The problem — When you reach the line containing "蘸上眼影,刷在头上。 第五步", begin reproducing the material exactly, stop after the line containing "A Pair of Napoleon", and leave out any pictures along the way.

Study material —

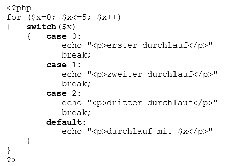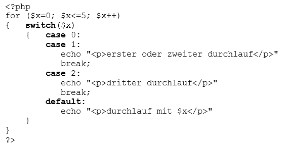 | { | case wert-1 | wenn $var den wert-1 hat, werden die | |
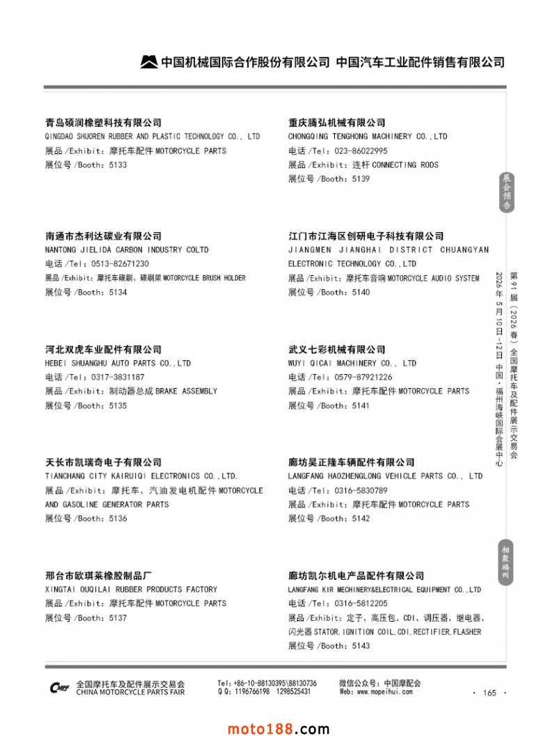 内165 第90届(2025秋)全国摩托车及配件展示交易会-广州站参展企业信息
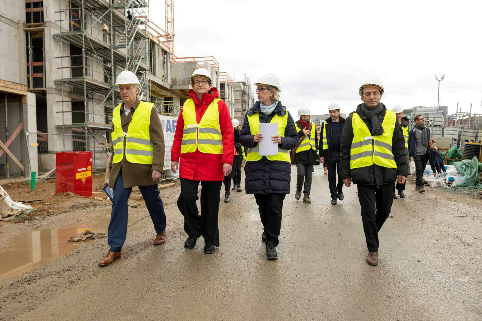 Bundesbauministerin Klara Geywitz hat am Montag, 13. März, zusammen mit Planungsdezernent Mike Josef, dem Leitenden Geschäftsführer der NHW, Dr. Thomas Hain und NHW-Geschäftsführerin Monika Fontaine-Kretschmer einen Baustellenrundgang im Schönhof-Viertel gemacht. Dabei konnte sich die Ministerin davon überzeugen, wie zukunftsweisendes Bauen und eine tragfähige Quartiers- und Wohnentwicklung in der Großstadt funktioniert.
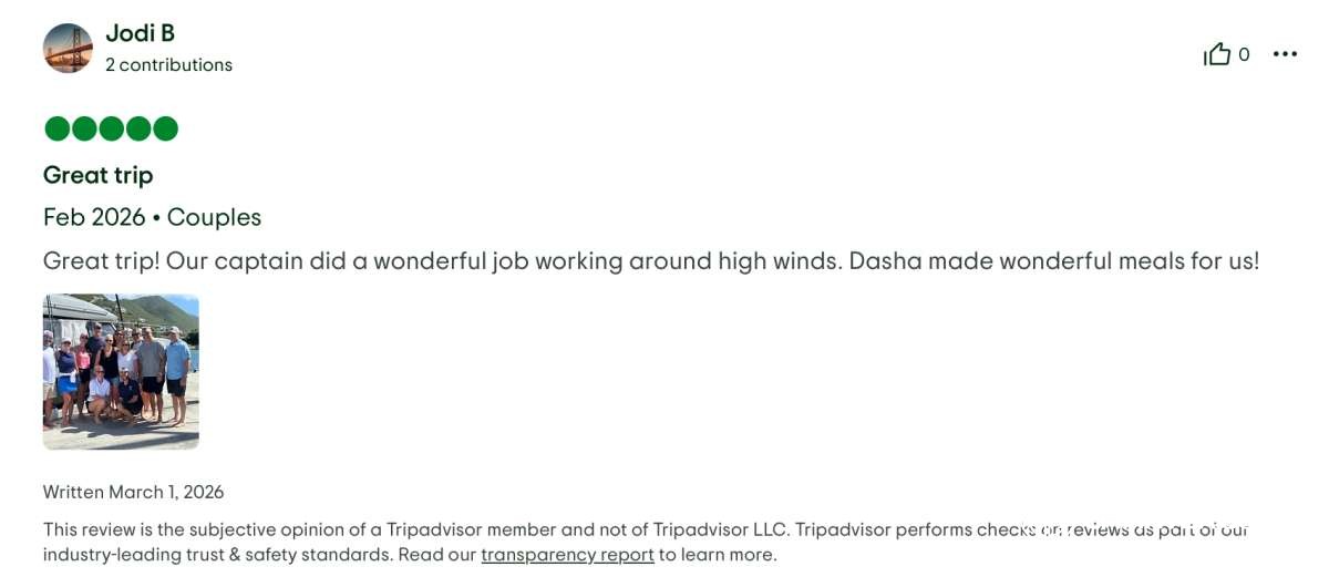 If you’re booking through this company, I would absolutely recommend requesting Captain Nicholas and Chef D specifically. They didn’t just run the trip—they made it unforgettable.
--
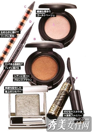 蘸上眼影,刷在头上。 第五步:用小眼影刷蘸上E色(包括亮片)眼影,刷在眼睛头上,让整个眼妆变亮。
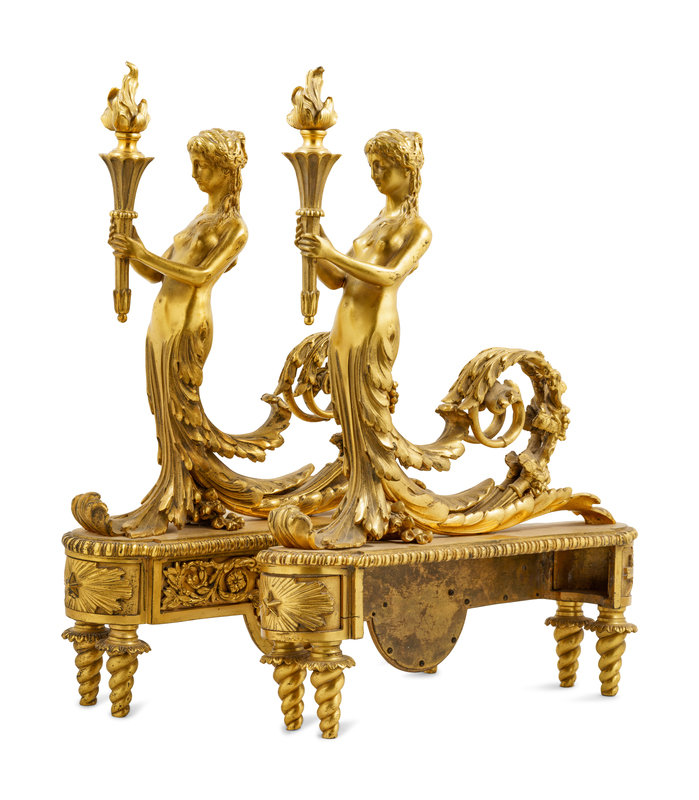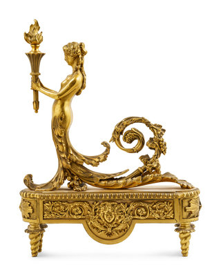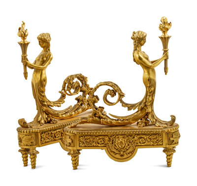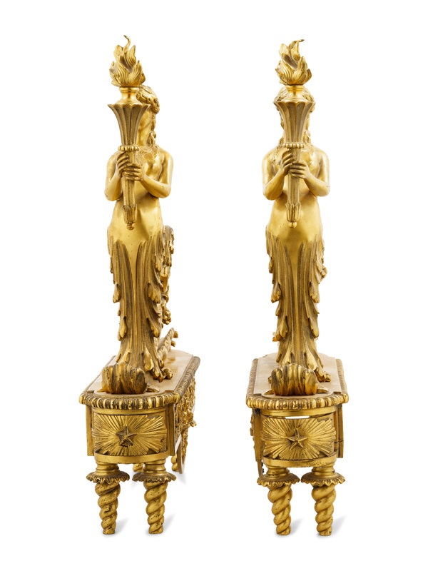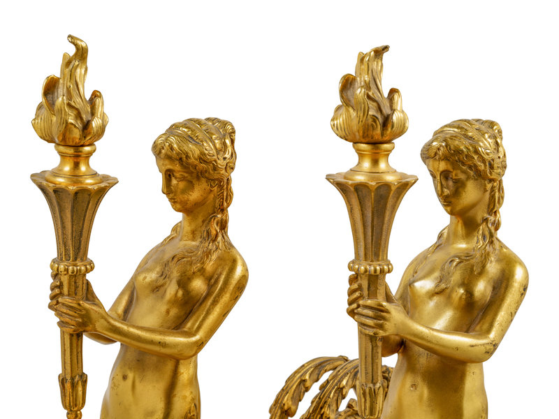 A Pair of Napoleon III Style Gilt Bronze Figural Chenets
* * *
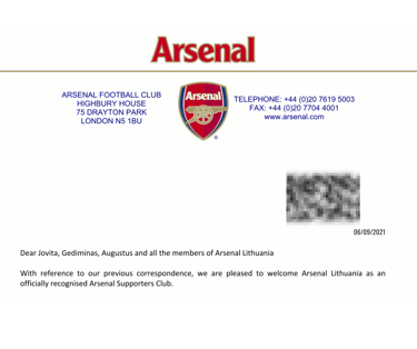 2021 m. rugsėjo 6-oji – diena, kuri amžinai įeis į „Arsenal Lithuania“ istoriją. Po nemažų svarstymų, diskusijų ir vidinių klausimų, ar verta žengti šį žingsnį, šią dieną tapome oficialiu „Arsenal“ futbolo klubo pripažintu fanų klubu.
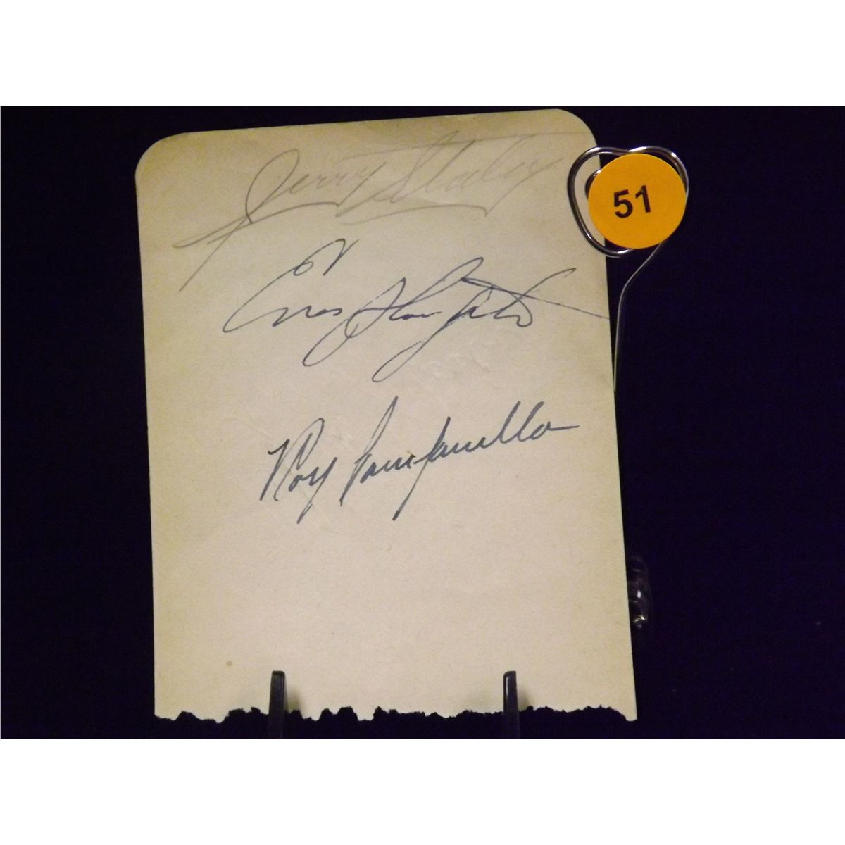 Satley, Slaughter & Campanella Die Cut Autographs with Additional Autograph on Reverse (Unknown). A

Written solution —
 蘸上眼影,刷在头上。 第五步:用小眼影刷蘸上E色(包括亮片)眼影,刷在眼睛头上,让整个眼妆变亮。
 A Pair of Napoleon III Style Gilt Bronze Figural Chenets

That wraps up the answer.